Writers like Susie Orbach and co point out that we now see the human body as perfectible, particularly in the case of the female. We are encouraged to identify, isolate and annihilate every thing that may not even be a flaw but simply not adherent to the preferable adjective for that body part: “Get the perfect curve for your eyebrows!” “Make your neck look longer!” “Make the whites of your eyes really POP!” But we are clever and realistic people; I’ve always been well aware that an essay isn’t perfectible, there’s no such thing as the perfect pair of trousers and despite honing it since I was fourteen my private chocolate cake recipe is still a long way from being the Platonic Chocolate Cake. (But getting ever nearer…) We’re smart and logical and reasonable enough to know for a fact that nothing can ever be perfect, so it is odd that we hold this incredibly harsh and unreasonable goal for our bodies, of all things. If anything the human body is the least likely thing to ever near perfection because it’s a big, gooey, squashy skinbag of pores and follicles and organs all trying to do the rough equivalent of what they did back when we were all much more gorrilaesque. The devil isn’t really in the details, since no amount of curled eyelashes will distract people from my lump-of-cheddar nose, for example. If we all devoted our energies and emotions towards finding the perfect sandwich or sofa instead the world would be a miraculous place.

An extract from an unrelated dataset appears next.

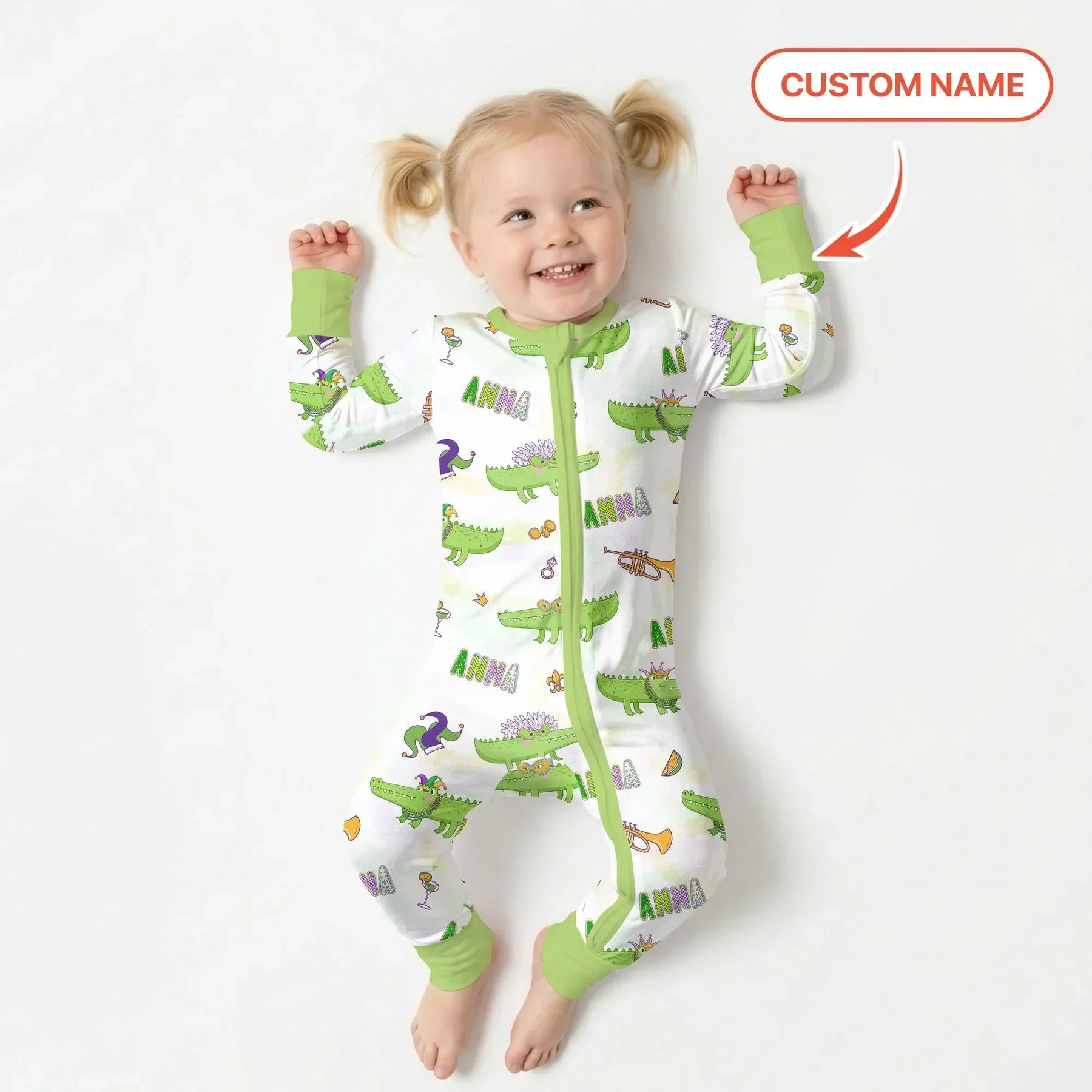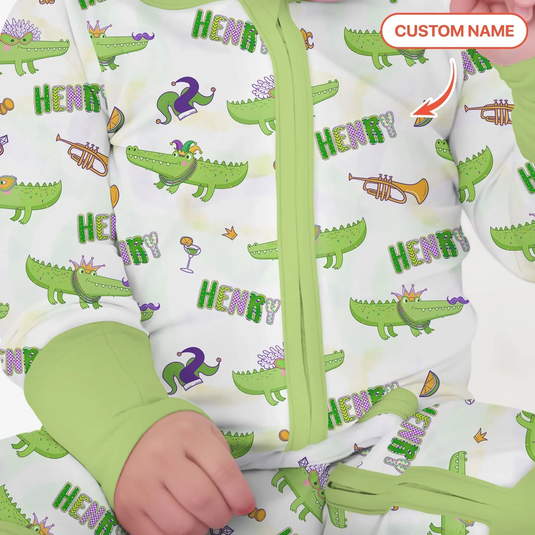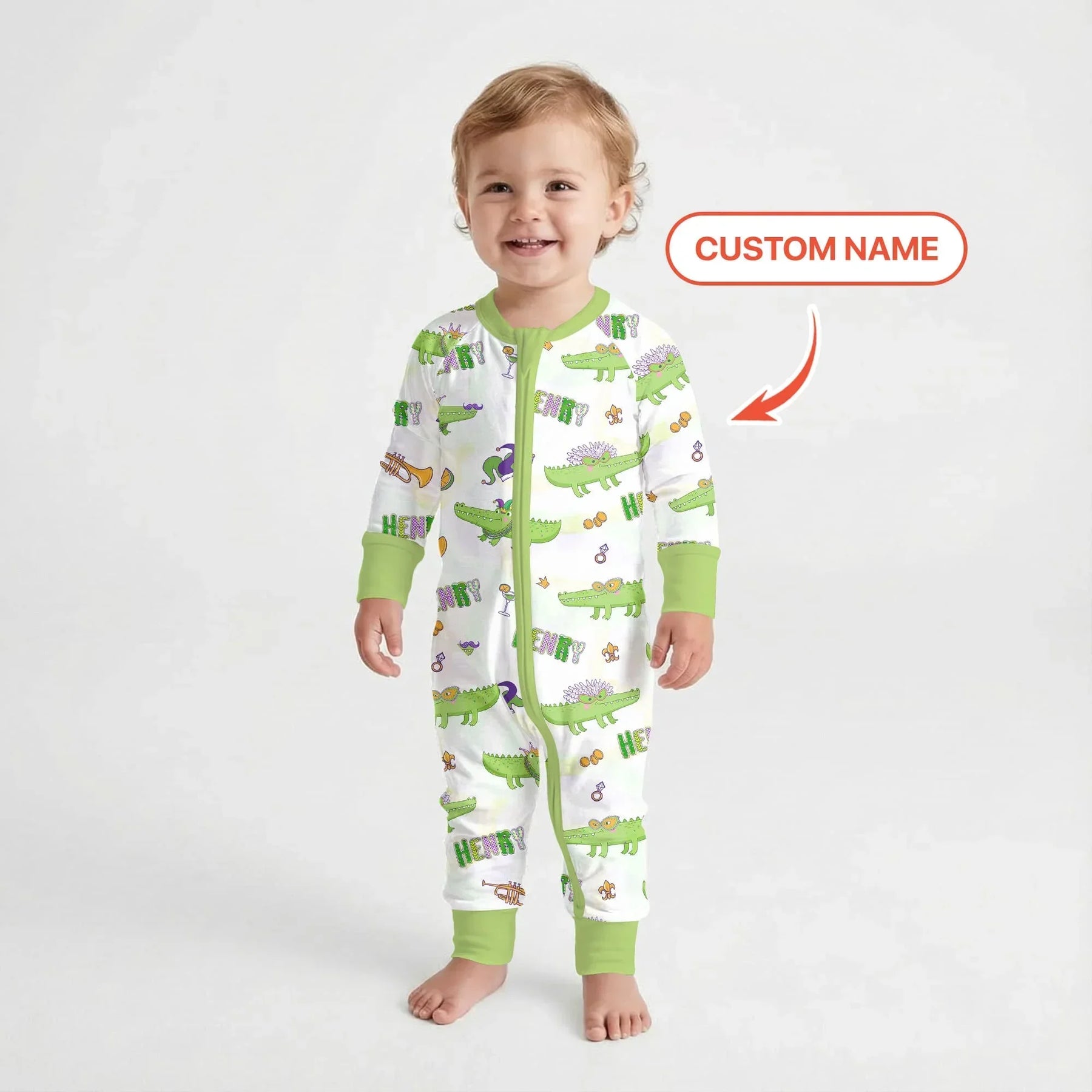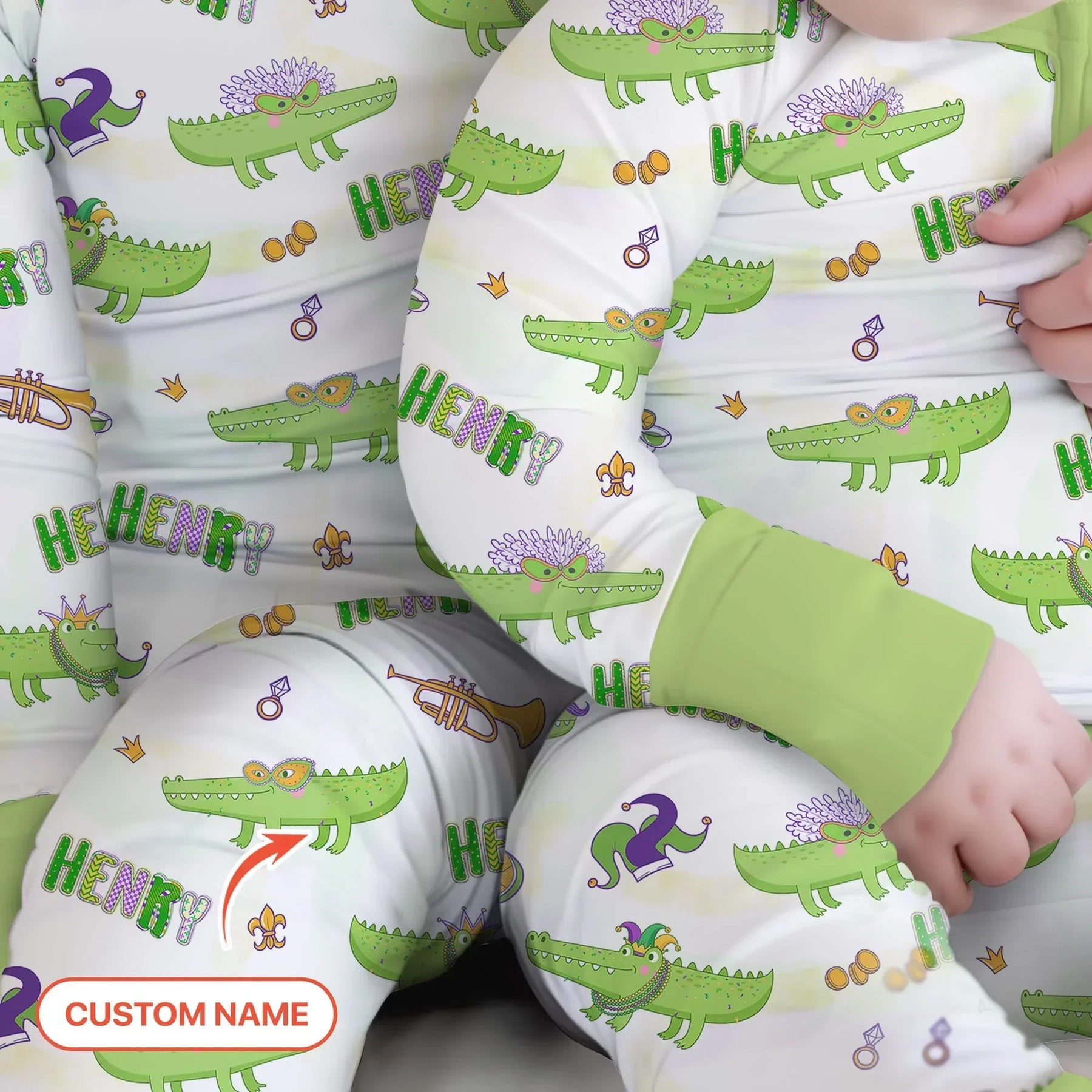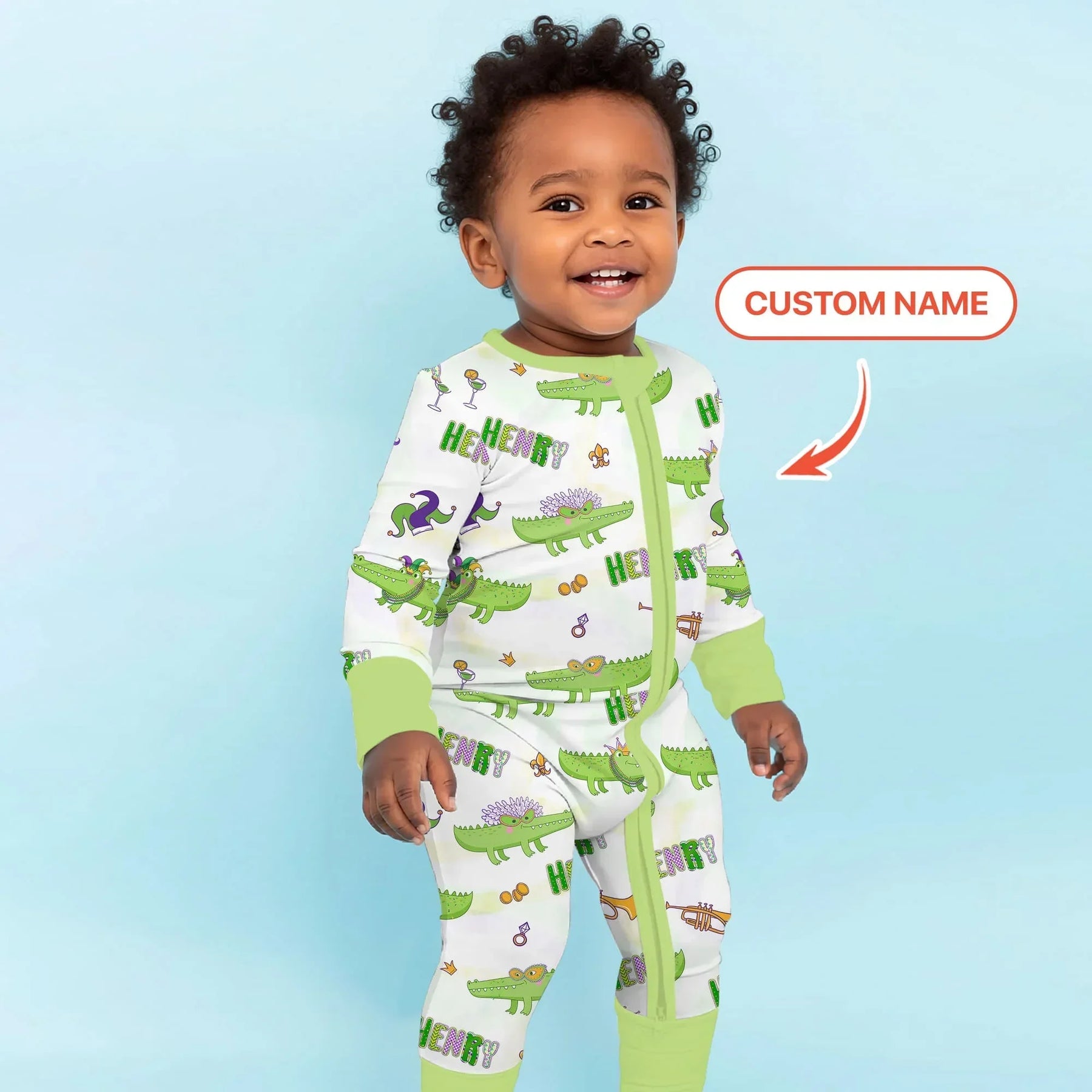 A playful Mardi Gras–inspired collection featuring festive alligators, vibrant carnival icons, and optional custom names, crafted in soft, breathable fabrics for baby and kids sleepwear, loungewear, and everyday essentials.

But I don’t want you females (or the males reading this and just thinking ‘well then don’t do it and shut up’) to leave this site thinking that I’ve just given you all a Strafpredigt (a lovely German word that means ‘punishment sermon’). I’m not saying we have to stop, because as I say, you leave yourself very vulnerable to unpleasant things like mockery and behind-back criticism, the protection from which is (as someone who was teased mercilessly when little) worth the expense. Not to mention the fact that it really can be quite good fun, like putting on an incredibly subtle costume for a reeeeeallly understated fancy dress party. What I am saying is that we should embrace this hobby-aspect of it and make it so, make it fun from start to end and, like a hobby, leave judgment out of it if you choose not to be into train sets or hook-rug making or hair-straightening. What I am asking is whether we can’t make this expense less…well, expensive? Not just money-wise but in terms of everything; can’t we make the rituals less of a pain? Couldn’t we make shaving cream smell like God’s garden to make those boring fifteen minutes a bit lovely? Could someone make a slightly narrower and curved razor sold with the other ones because armpits are a complex and voluptuous cavern that simply can’t be done with a straight potato-peeler thing? Could mascara be packaged differently so you can use up the whole tube rather than just the two millilitres those brushes can actually access? Could we just conceal our spots and accept that the rest of our face won’t be flawless skin but will be varied, textural and fundamentally anatomical, like the skin on our arms or ears – which for some reason we feel no need to cake with a uniform shade. Beauty companies should be putting their arses into inventing new ways to make the whole ritual as joyful and comfortable and safe as is possible, rather than expecting us to grin and bear it. I’m not sure I like being female – I’m certainly never glad to be, as I much prefer striding to walking and high-fives to cheek-kisses – but I know I want to be comfy and happy and relaxed. And still have all of my eyelashes in place.